WORK INSTRUCTION: Only the lines from the one containing "Hot dry season, August" to the end of the data below belong in the answer, each repeated exactly; no pictures.

DATA BLOCK:

------------------------------------

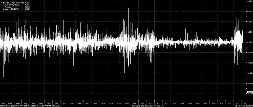 The Credit Suisse saga further elevated the turmoil in the European bond markets as the German 2Y witnessed the highest volatility since the 1980s.
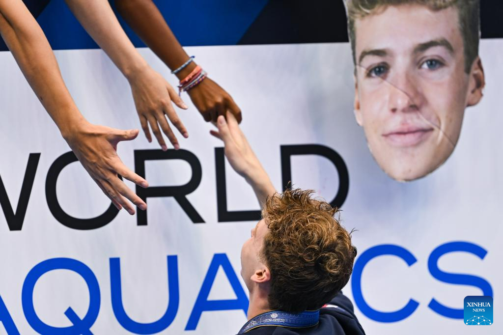 Gold medalist France's Leon Marchand signs for fans after the men's 200m individual medley final at the World Aquatics Championships in Fukuoka, Japan, July 27, 2023. (Xinhua/Zhang Xiaoyu)
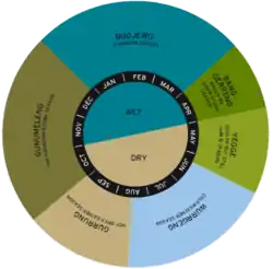 Hot dry season, August to October Hunting time for file snakes and long-necked turtles. White-breasted wood swallows arrive as thunderclouds build, signalling the return of Gunumeleng.
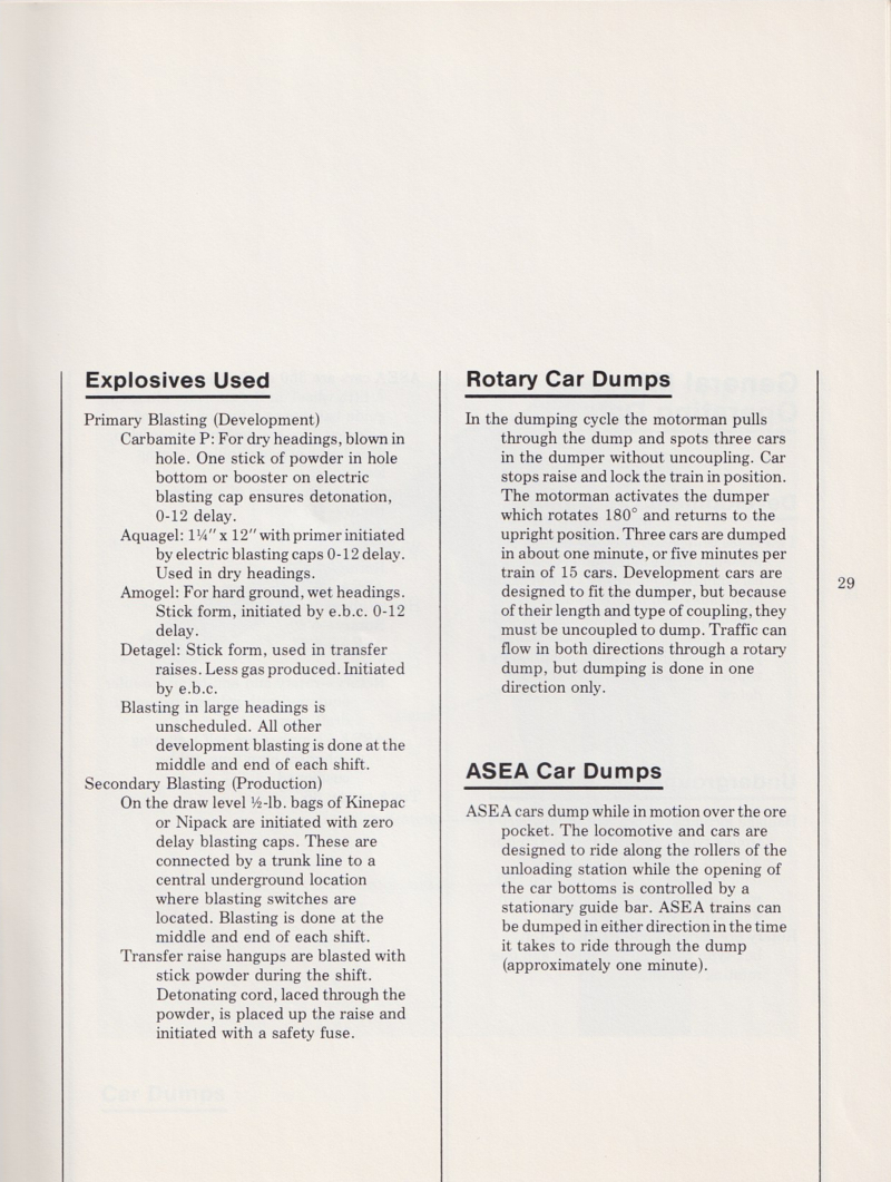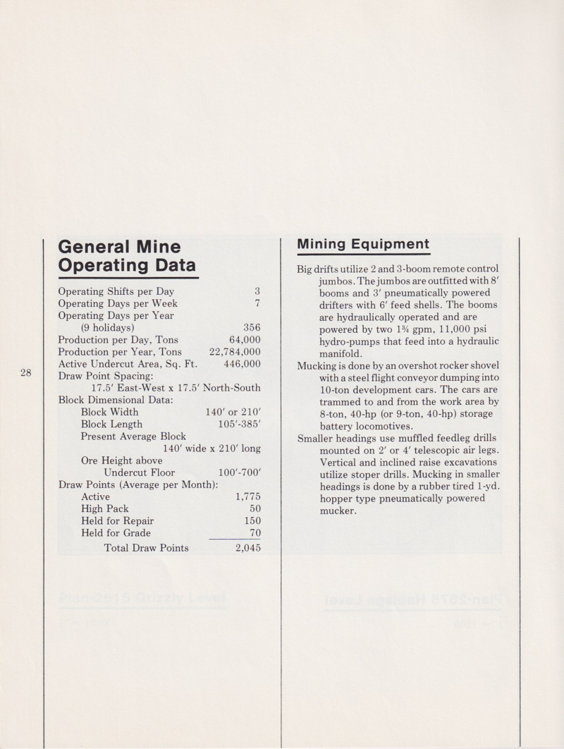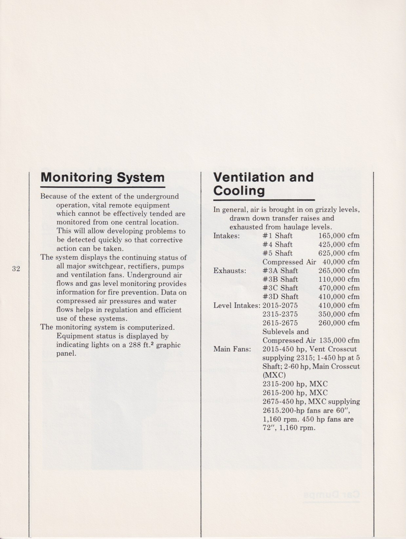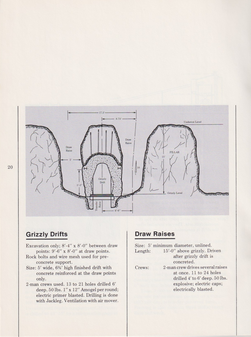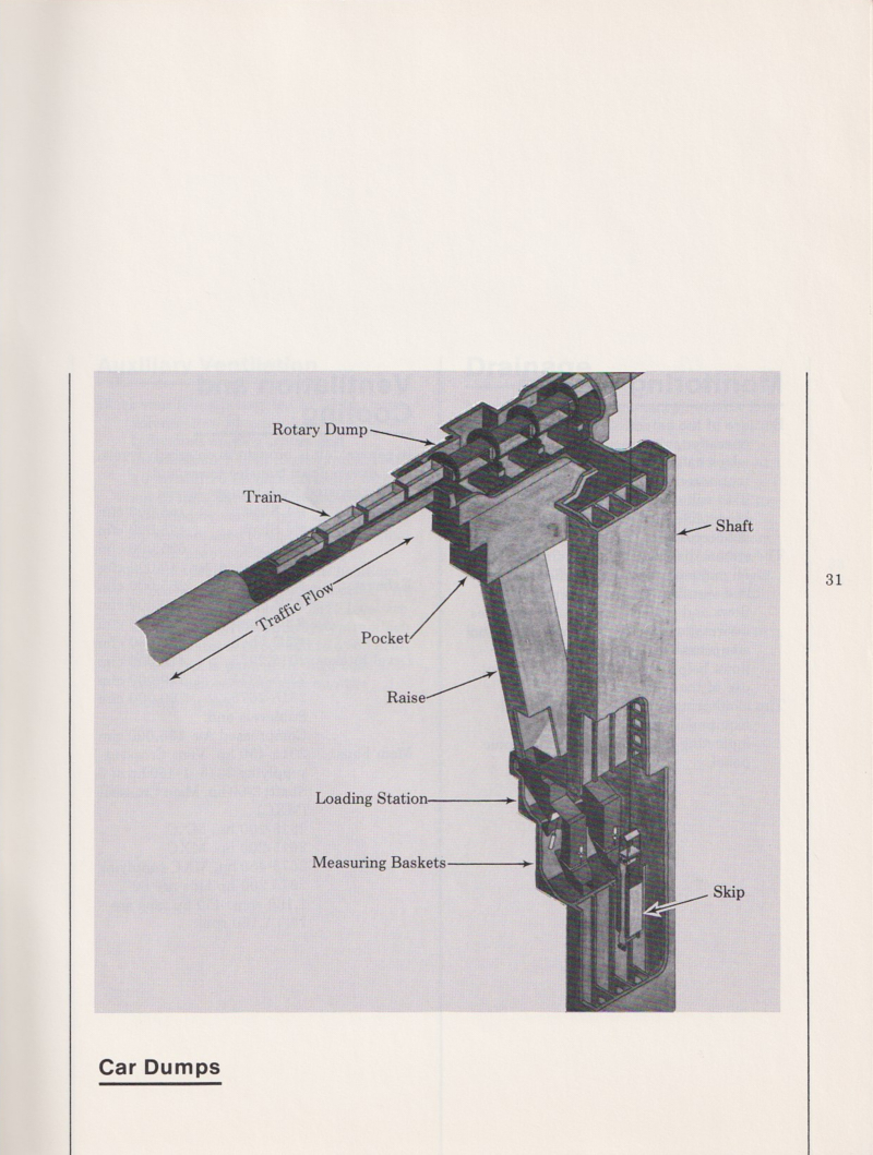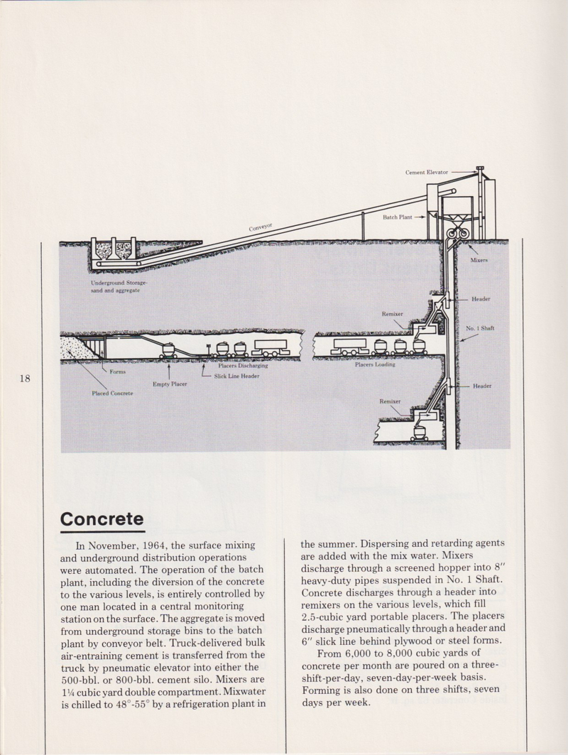 The mine had its own concrete plant for use in underground reinforcement of the tunnels.  Concrete was manufactured on the surface and then dropped down special pipe and re-mixed at the destination level of the mine.  The concrete management techniques are described below.

------------------------------------

OUTPUT OF THE EXERCISE:
 Hot dry season, August to October Hunting time for file snakes and long-necked turtles. White-breasted wood swallows arrive as thunderclouds build, signalling the return of Gunumeleng.
 The mine had its own concrete plant for use in underground reinforcement of the tunnels.  Concrete was manufactured on the surface and then dropped down special pipe and re-mixed at the destination level of the mine.  The concrete management techniques are described below.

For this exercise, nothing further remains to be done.